Where is hammurabi code located today
The Code also listed different punishments for men and women with regard to marital infidelity. Men were allowed to have extramarital relationships with maid-servants and slaves, but philandering women were to be bound and tossed into the Euphrates along with their lovers. Several edicts in the Code referenced specific occupations and dictated how much the workers were to be paid. Doctors, meanwhile, were entitled to 5 shekels for healing a freeborn man of a broken bone or other injury, but only three shekels for a freed slave and two shekels for a slave.
For example, when two parties had a dispute, legal protocol allowed them to bring their case before a judge and provide evidence and witnesses to back up their claims. The statutes could have been a list of amendments to an even earlier and more expansive set of general laws, but they might also have acted as a set of judicial precedents compiled from real world cases. Some historians have even argued the Code was not a working legal document at all, but rather a piece of royal propaganda created to enshrine Hammurabi as a great and just ruler.
Scholars believe that it was brought to Susa in the 12th century B. Originally, Hammurabi would have displayed the stele at the site of Sippar, in modern-day Iraq, likely in a prominent temple. Scholars widely believe that other, now lost, steles would have existed in other cities in Babylon that were controlled by Hammurabi.
Regardless of the answers to these questions, Hammurabi himself states in the prologue to his laws that his right to make them was one given by the gods themselves.
Dieter Viel, University Press of America, Each law consists of a potential case followed by a prescribed verdict. The verdicts could be very harsh indeed, and Columbia University professor Marc van de Mieroop notes in his book "King Hammurabi of Babylon" Blackwell Publishing, that the death penalty is listed as punishment no fewer than 30 times. Furthermore, the punishments ordered were by no means uniform but rather depended on the social status of the accused and the accuser. Digital facsimile from the Internet Archive at this link.
Image Source: en. In the 30th year of his reign, Hammurabi began to expand his kingdom up and down the Tigris and Euphrates river valley, overthrowing the kingdoms of Assyria, Larsa, Eshunna and Mari until all of Mesopotamia was under his sway.

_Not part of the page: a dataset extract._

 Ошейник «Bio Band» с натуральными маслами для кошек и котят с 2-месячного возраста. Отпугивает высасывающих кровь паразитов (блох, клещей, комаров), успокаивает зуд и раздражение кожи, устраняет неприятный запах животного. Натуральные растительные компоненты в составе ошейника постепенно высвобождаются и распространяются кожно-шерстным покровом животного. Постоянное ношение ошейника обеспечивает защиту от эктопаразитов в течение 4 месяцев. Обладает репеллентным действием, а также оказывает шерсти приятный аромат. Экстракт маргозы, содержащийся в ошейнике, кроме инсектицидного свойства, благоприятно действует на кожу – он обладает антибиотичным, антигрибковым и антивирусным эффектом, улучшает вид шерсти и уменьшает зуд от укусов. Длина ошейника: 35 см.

The black stone stele containing the Code of Hammurabi was carved from a single, four-ton slab of diorite, a durable but incredibly difficult stone for carving.

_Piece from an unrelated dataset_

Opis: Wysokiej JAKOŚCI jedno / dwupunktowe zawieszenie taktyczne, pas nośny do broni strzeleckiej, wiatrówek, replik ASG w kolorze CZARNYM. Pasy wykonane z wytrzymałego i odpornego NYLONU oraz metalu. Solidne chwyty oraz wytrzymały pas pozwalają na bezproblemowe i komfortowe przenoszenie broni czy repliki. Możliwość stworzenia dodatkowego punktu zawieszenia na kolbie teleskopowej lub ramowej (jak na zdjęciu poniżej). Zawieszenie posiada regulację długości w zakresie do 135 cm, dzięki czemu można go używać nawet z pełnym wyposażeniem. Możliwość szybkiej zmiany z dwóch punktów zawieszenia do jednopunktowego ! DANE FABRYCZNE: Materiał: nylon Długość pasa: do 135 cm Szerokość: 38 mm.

At its top is a two-and-a-half-foot relief carving of a standing Hammurabi receiving the law—symbolized by a measuring rod and tape—from the seated Shamash, the Babylonian god of justice.
The rest of the seven-foot-five-inch monument is covered with columns of chiseled cuneiform script. The edicts are all written in if-then form. For example, if a man steals an ox, then he must pay back 30 times its value. The edicts range from family law to professional contracts and administrative law, often outlining different standards of justice for the three classes of Babylonian society—the propertied class, freedmen and slaves.
Penalties for malpractice followed the same scheme: a doctor who killed a rich patient would have his hands cut off, while only financial restitution was required if the victim was a slave. There they uncovered the stele of Hammurabi—broken into three pieces—that had been brought to Susa as spoils of war, likely by the Elamite king Shutruk-Nahhunte in the midth century B.
The stele was packed up and shipped to the Louvre in Paris, and within a year it had been translated and widely publicized as the earliest example of a written legal code—one that predated but bore striking parallels to the laws outlined in the Hebrew Old Testament. The U.
Supreme Court building features Hammurabi on the marble carvings of historic lawgivers that lines the south wall of the courtroom.